Critics of educational neuroscience typically rely on creating a sharp divide between psychology and neuroscience. Bowers (2016[1]) argues that psychology has made and will continue to make important contributions to education, principally because it deals in behavioural outcomes, but that neuroscience cannot make a similar contribution since it only deals with neural activity: “changes in brain states are irrelevant for evaluating the efficacy of an instruction”. However, such an argument represents a very blinkered and inflexible approach to levels of understanding in science. Bowers (2016[1]) argues that psychological constructs, such as “episodic memory”, “semantic memory”, “attention”, “phonological processing”, etc., are valid and useful for improving educational practice. Neuroscience not only attempts to describe the neural circuitry and processes underlying these psychological concepts, but by relating them to neurophysiological phenomena such as LTP, consolidation, reconsolidation, oscillatory coherence, etc., offers the real prospect of radically transforming the psychological concepts themselves. Just as advances in biomedical science have transformed ancient terms such as “humours”, “jaundice” and “consumption” allowing more precise medical diagnoses and treatments, so neuroscientifically transformed psychological concepts may facilitate improvements in teaching and learning outcomes.

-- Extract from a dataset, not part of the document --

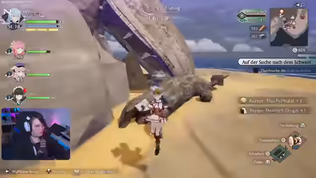 05:07:16Es wird zur Sommerregion teleportiert, um dort die Hauptquest fortzusetzen. Während der Erkundung werden neue Gegner, wie fliegende Monster, kennengelernt. Die Entdeckung unerreichbarer Bereiche deutet auf die spätere Verfügbarkeit einer neuen Fortbewegungsmethode hin. Eine Höhle wird als Ort für die anstehende Schwertmission identifiziert.

This chapter has examined in detail a convergence of ideas and projects between single neurons, animal models and the classroom: fear conditioning and mathematics anxiety; uncertainty-dependent PREE and confusion; reconsolidation and the testing effect; and LTP and spaced learning. The Australian SLRC, by bringing together neuroscientists, psychologists and educationalists in collaborative projects, appears well placed to facilitate and exploit these convergences, which offer the prospect not only of improving classroom teaching through novel procedures and materials, but also of providing behavioural data to guide and inform research at the cellular and molecular level. Indeed, learning principals emerging from the SLRC are now being implemented in classrooms in Australia, and longitudinal evaluation of these trials will provide validation. The claim of several critics that this promise is illusory and that neuroscience can never hope to inform educational practice often appears as a narrow and blinkered exercise in circular reasoning, i.e. neuroscientific data is strictly relevant only to neural activity, and therefore can never be applied to classroom teaching.

An analogy between clinical genetics and educational neuroscience can help to refute the claim that basic neuroscience can never be of relevance for classroom teaching. The discovery of the structure of DNA, or even the determining of the human genome, did not immediately change medical practice. The identification of a particular sequence of DNA base pairs, in isolation, cannot improve the clinical care of a patients. However, determining that a particular DNA sequence codes for a protein that alters the susceptibility for a certain disease can dramatically alter classification, diagnosis, prognosis and treatment (Kelly and Whatson, 2013[36]). Importantly, such advances occur when information about a DNA sequence is directly related to a clinical outcome, i.e. in a cross-disciplinary project. There is every reason to expect, therefore, pace Bruer (Bruer, 1997[2]); Cubelli (Cubelli, 2009[3]) and Bowers (Bowers, 2016[1]), that just as molecular genetics is now revolutionising medical practice, so advances in our understanding of the neural basis of learning and memory will also be able to transform educational practice.